Adam'ın Oğulları olay örgüsünün kafa karıştırıcı olduğu konusunda saygıyla katılmıyorum. Nesiller arası travma ve ayrıcalık için bir alegori olarak mükemmel bir anlam ifade ediyordu.
Gün batımı kasabası bölümü beni koltuğumun ucunda oturttu. O gerilim, herhangi bir canavardan daha korkutucuydu.
En çok neyi sevdim biliyor musunuz? Doğaüstü korkuların, ırkçılığın çok gerçek tarihi korkularının asla önüne geçmemesi.
Christina çok büyüleyici bir karakterdi. Müttefik ve düşman arasındaki çizgide gidip gelmesi beni sürekli meraklandırdı.
Tüm Adam'ın Oğulları olay örgüsünü zaman zaman biraz kafa karıştırıcı buldum. Başka hisseden var mı?
Shoggoth sahneleri dehşet vericiydi! Lovecraft'vari canavarların ırkçılıkla ilgili bir hikayede bu kadar etkili bir şekilde kullanılabileceğini hiç düşünmemiştim.
Beni en çok etkileyen şey, gerçek tarihi olayları doğaüstü anlatıya ne kadar kusursuz bir şekilde entegre etmeleriydi. Bu, korkuyu daha gerçekçi ve somut hissettirdi.
Jackie Robinson'ın beyzbol sopasıyla canavarı ikiye böldüğü sahne tam bir dehaydı. Çok güçlü bir metafor.
Kitaptaki değişiklikler konusunda katılmıyorum. Hikayeyi geliştirdiğini ve modern izleyiciler için daha alakalı hale getirdiğini düşünüyorum.
Oyunculuklar olağanüstüydü, özellikle Jurnee Smollett'in Letitia performansı. Karaktere çok derinlik kattı.
Aslında kitabı diziye tercih ettim. Dizi, benim zevkime göre kaynak materyalle çok fazla oynadı.
Prodüksiyon değeri inanılmazdı. Her bölüm, kendine özgü tarzı ve atmosferi olan mini bir film gibiydi.
Ji-Ah'ın bölümünü en etkileyici bulan tek ben miyim?

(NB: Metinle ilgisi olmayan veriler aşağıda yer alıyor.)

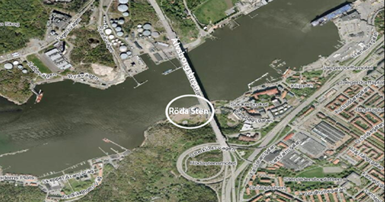 Röda Sten ligger vid det södra fästet till Älvsborgsbron, cirka 4,5 km väster om Gustav Adolfs torg, och är ett välbesökt och uppskattat rekreationsområde för göteborgarna. Det stora behovet av temporära bostäder som finns idag, i kombination med en boendelösning av tillfällig karaktär, gör att kontoret anser att en lokalisering av en flytande boendelösning vid Röda Sten är intressant att pröva. Områdets lämplighet för ändamålet kommer att prövas i samband med förhandsbesked om bygglov.

Kore Savaşı arka planı ve doğaüstü unsurlar, benzersiz bir izleme deneyimi yarattı.
Lovecraft'ın kendi ırkçılığını tersine çevirme şekilleri harikaydı. Onun canavarlarını ırksal adaletsizliği anlatan bir hikaye için kullanmak, adeta şiirsel bir adalet gibi.
Bu dizinin tarihi olayları doğaüstü unsurlarla harmanlamasına kesinlikle bayıldım. Özellikle Emmett Till bölümü çok güçlü ve ürkütücüydü.